Дверь отворяется, и-и – БАЦ! – Аде в лоб, отчего я врезаюсь в самый центр голой и мокрой хвостовой части инопланетянки.
Над нами доктор Лектор, в его лапе ключ. Позади него тупые морды аллирогов, а из-за их спин нам с Адой подаёт знаки товарищ Нинель – он же беглый муммий-Ленин, показывая, как победная труба слонопотамки разбудила джунгли на всех четырёх этажах дурдонского спецучреждения.
Включают верхний свет.
– КИДАЙ МЕШКИ! ВОКЗАЛ ОТХОДИТ! – орёт муммий-Ленин Аде.
Обезумевшая, то ли от удара в лобешник, то ли от всего происходящего, Ада таранит головой скопление своих коллег в дверном проёме, устремляется в коридор и рвёт когти, драпая на четвереньках. А мы – теремковцы – мотыляемся за ней прицепом.
– АДА! – орёт нам вдогонку доктор Лектор. – КАК ТЫ МОГЛА?!
Он, будто, со всхлипом, добавляет:
– И, прости, Господи – С КЕМ!!...
Гуманоидариум наполняется гомоном растревоженных среди ночи гуманоидов. Куда и зачем бежит на четвереньках Ада, волоча нас за собой, мы пока не знаем. И мы вынуждены бежать за Адой на треньках – потому что одной конечности у нас, по-прежнему, нет, – она стиснута капканом в сыром и жарком чреве инопланетянки.
Ось же Вселенной, изогнутая сейчас адским приступом приапизма, бьётся кривым металлическим ломом об пол казённого коридора, и звенит – ДЗЫН-ДЗЫН-ДЗЫН, как старый трамвай на ржавых рельсах, вспарывает линолеум до бетона, скрежеща – ДЗЗЗЫЫЫ, и зажигая снопы ярких стальных искр.
Между тем, Курочка Аде резонно замечает:
– Скоо-скоро у тя вырастут четыре пятки.

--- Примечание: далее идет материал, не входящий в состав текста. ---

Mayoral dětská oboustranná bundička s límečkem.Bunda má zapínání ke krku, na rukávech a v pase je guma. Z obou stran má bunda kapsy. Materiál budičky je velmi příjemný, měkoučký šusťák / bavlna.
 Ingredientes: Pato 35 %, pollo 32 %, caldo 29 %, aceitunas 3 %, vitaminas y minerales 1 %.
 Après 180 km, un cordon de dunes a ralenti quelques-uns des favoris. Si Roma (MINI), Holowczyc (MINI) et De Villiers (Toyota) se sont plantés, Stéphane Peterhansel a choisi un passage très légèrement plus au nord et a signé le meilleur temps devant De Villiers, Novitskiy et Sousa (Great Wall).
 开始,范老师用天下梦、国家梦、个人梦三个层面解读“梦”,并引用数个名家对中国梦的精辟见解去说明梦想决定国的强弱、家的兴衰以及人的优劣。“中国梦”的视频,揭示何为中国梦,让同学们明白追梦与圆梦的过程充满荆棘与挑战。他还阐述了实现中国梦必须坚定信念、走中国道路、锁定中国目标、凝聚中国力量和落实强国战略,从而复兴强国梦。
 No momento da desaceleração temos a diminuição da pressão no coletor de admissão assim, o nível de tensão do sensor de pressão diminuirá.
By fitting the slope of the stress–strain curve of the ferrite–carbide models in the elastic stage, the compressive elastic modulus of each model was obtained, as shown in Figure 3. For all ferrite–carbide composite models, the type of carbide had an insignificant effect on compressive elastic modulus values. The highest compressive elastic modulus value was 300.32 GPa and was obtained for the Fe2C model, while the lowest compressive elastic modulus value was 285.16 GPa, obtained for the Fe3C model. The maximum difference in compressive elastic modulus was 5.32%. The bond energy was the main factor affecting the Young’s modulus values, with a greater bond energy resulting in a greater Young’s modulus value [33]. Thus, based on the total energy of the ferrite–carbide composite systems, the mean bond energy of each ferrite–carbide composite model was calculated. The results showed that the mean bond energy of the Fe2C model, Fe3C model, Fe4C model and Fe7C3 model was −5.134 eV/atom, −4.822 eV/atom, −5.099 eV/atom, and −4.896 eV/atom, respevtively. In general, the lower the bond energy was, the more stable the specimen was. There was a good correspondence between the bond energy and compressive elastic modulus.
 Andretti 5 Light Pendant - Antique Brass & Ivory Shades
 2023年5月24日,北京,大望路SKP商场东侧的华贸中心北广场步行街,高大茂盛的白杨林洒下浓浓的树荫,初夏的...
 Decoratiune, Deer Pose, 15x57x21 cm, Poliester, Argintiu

Скоо-коо-ко ещё так паровозиком скакать, а?! Кудаах-тах-тах?!
Ада оборачивается на бегу, и мы видим вытянувшийся посреди её лба длинный сизый рог.
Курочка хохочет:
– Ля ликоо-ко-ко... Ля ликорн...
Ада резко останавливается, и мы снова шмякаемся носом промеж мокрых полушарий её кормы. Покачивая рогом, она требует:
– Переведи!
– Ля ликоо-ко-корн, поо по-французски, "единорог". Точнее, "единорожка". La licorne.

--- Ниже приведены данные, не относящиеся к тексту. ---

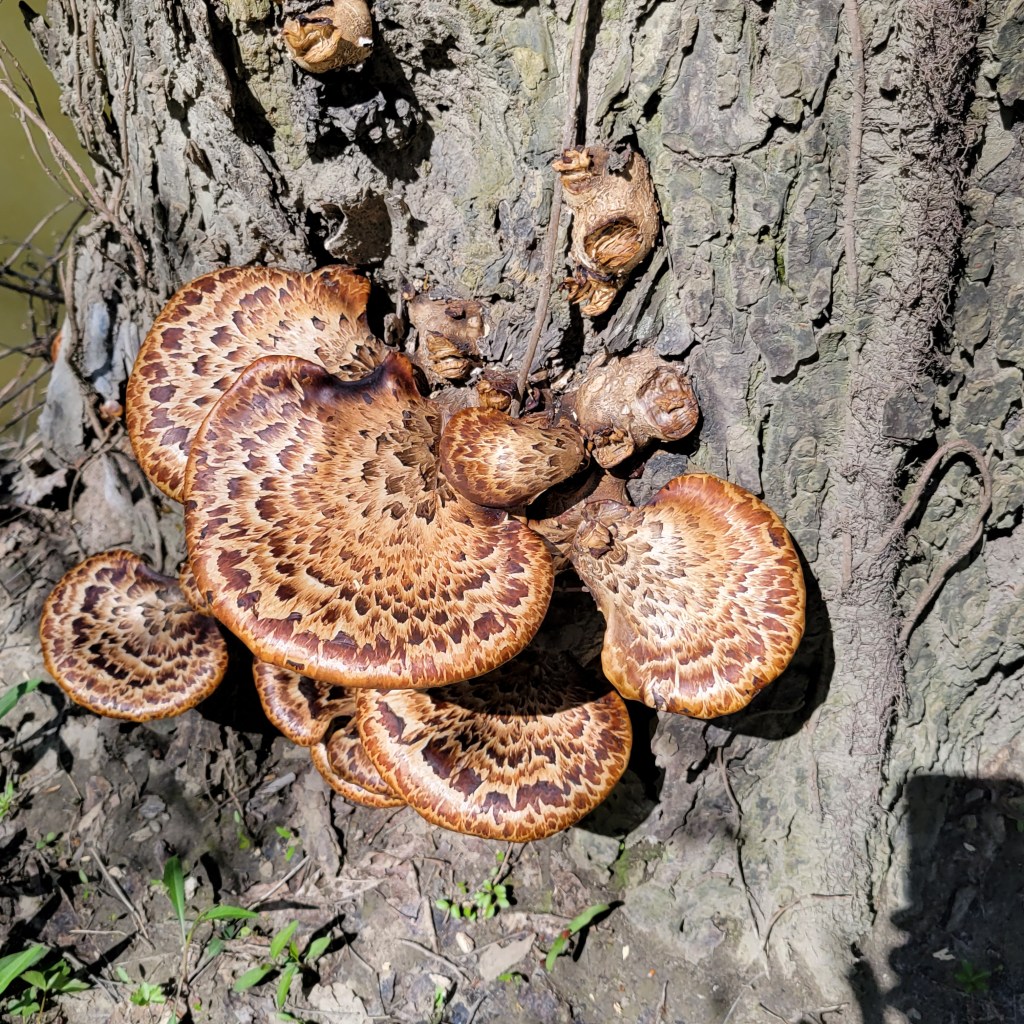 And every year, as wildflower admirers walk the woodland path admiring the Trout Lilies and the Spring Beauties, we inevitably note another equally reliable spring emergent, the mushroom known as Dryad’s Saddle.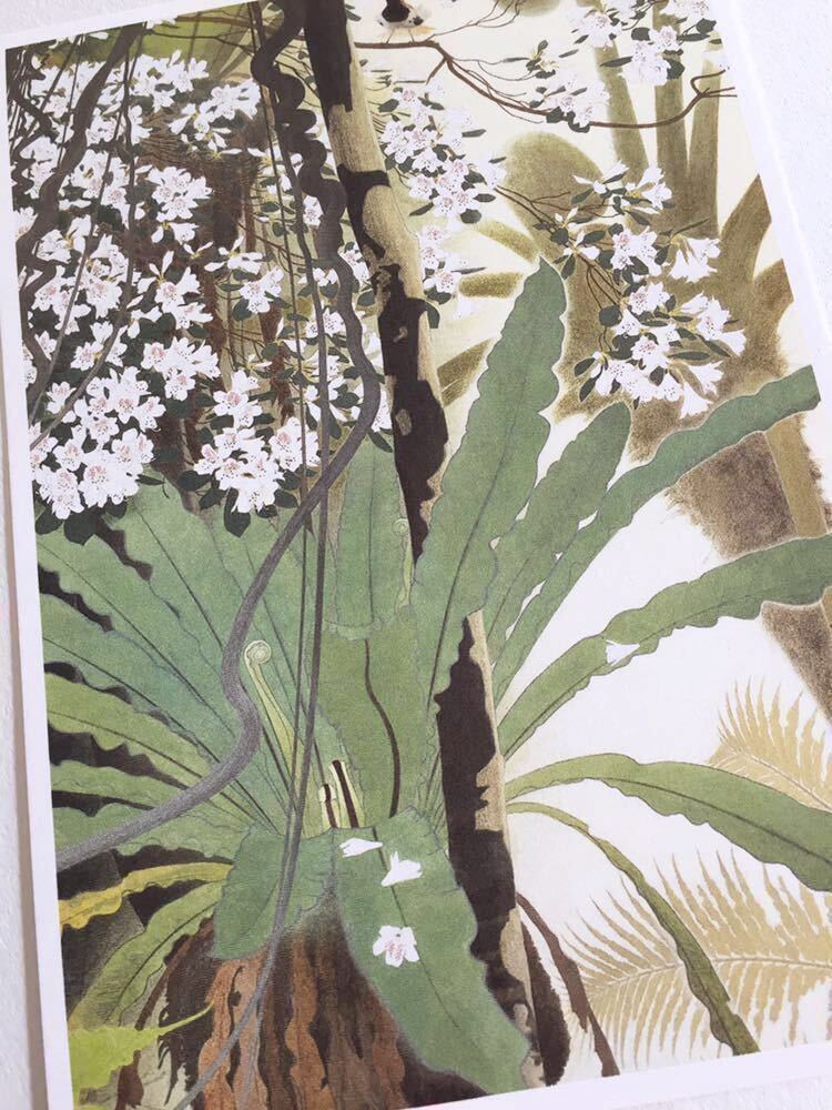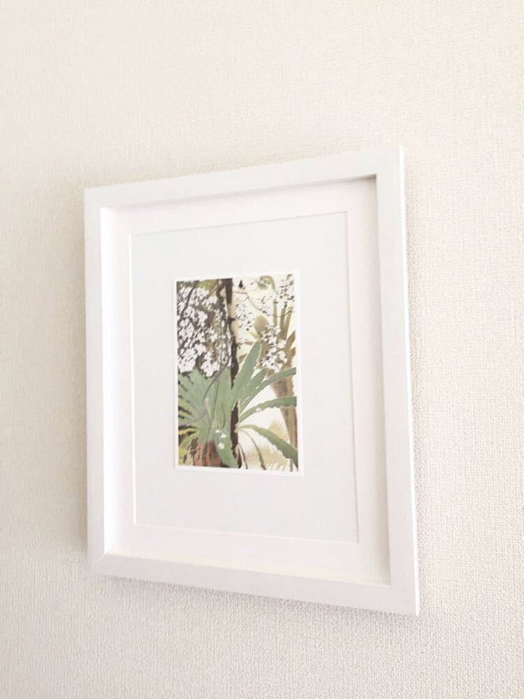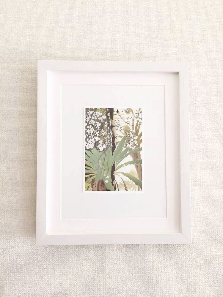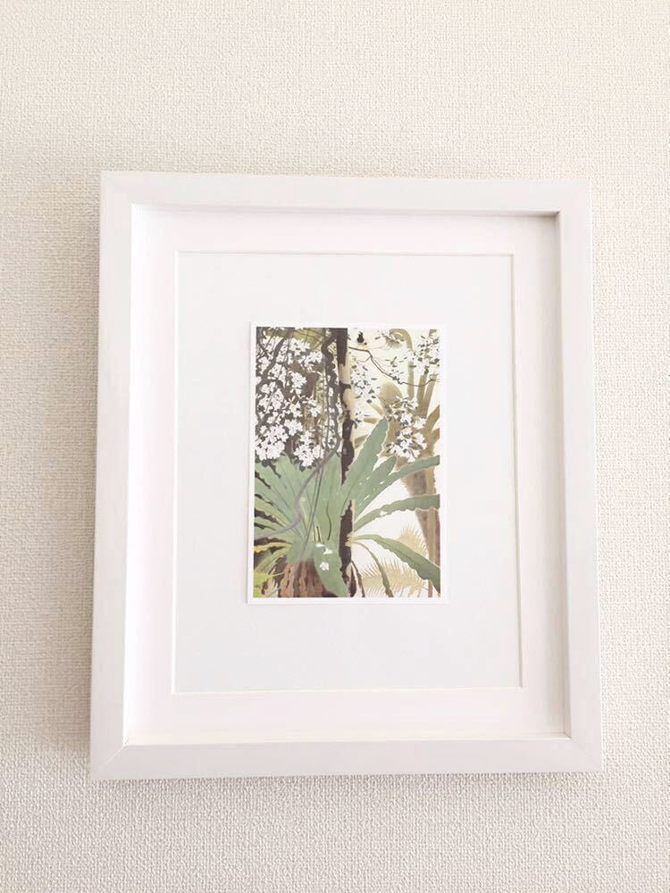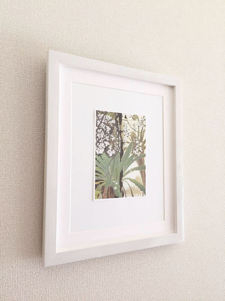 田中一村記念美術館製の「奄美の森シリーズ」の12種類のポストカード(印刷物)を額装したものです。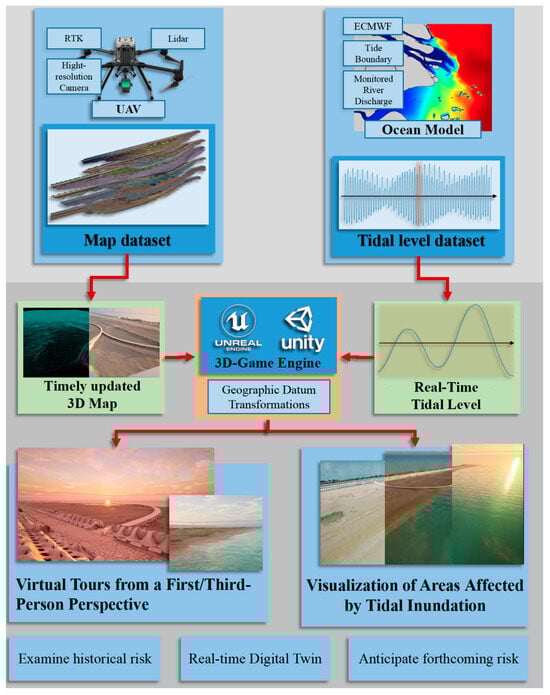 Consequently, to the best of our knowledge, there is still a need for an accurate, intelligent, and intuitive tool to assess the risk in a specific tidal flat at the highest possible spatial and temporal resolution. This study aims to address this gap through the following steps: (1) evaluating the performance of different UAVs for coastal monitoring, with specific emphases on UAVs equipped with different sensors or modules; (2) building a high-resolution 3D coastal terrain efficiently from the most suitable UAV; (3) employing a highly accurate ocean model to generate the time series of tidal level; and (4) developing a digital twin of the actual coast to visualize and assess coastal risks by integrating rapidly monitored terrain data with the numerical ocean model based on a 3D engine. This innovative framework promises to offer accurate tidal level predictions, providing valuable insights for mitigating the risks associated with rising seawater levels. It can not only showcase the current state of the tidal flat but also review conditions over a period, including reproducing the past and predicting the future. Ultimately, this paper contributes to the broader discourse on effective coastal management and the integration of cutting-edge technologies in addressing emerging environmental challenges.

– Очччч красиво! – восхищается Ада.
И бросается бежать дальше. А Курочка квохчет:
– Поо-похоже дверь ей коо-котелок-то поо-повредила!
Позади громкий топот – нас догоняют аллироги, с доктором Лектором во главе. Они потрясают шприцами, полными какой-то дряни. Теперь Ганнибал Кондратьич орёт на меня:
– ТЫ, Б-Б... ТЫ, Б-Бода! Может, и теперь не помнишь, чем ты занимался?! Амнезия у тебя, да?!
– Брат Коо-Коо-Кондрат, – пытается что-то объяснить ему Курочка, – поо-по, не по...
У неё, на нервной почве, не получается, и она в панике принимается колотить крылышками то Аде по голой заднице, то мне по физиономии.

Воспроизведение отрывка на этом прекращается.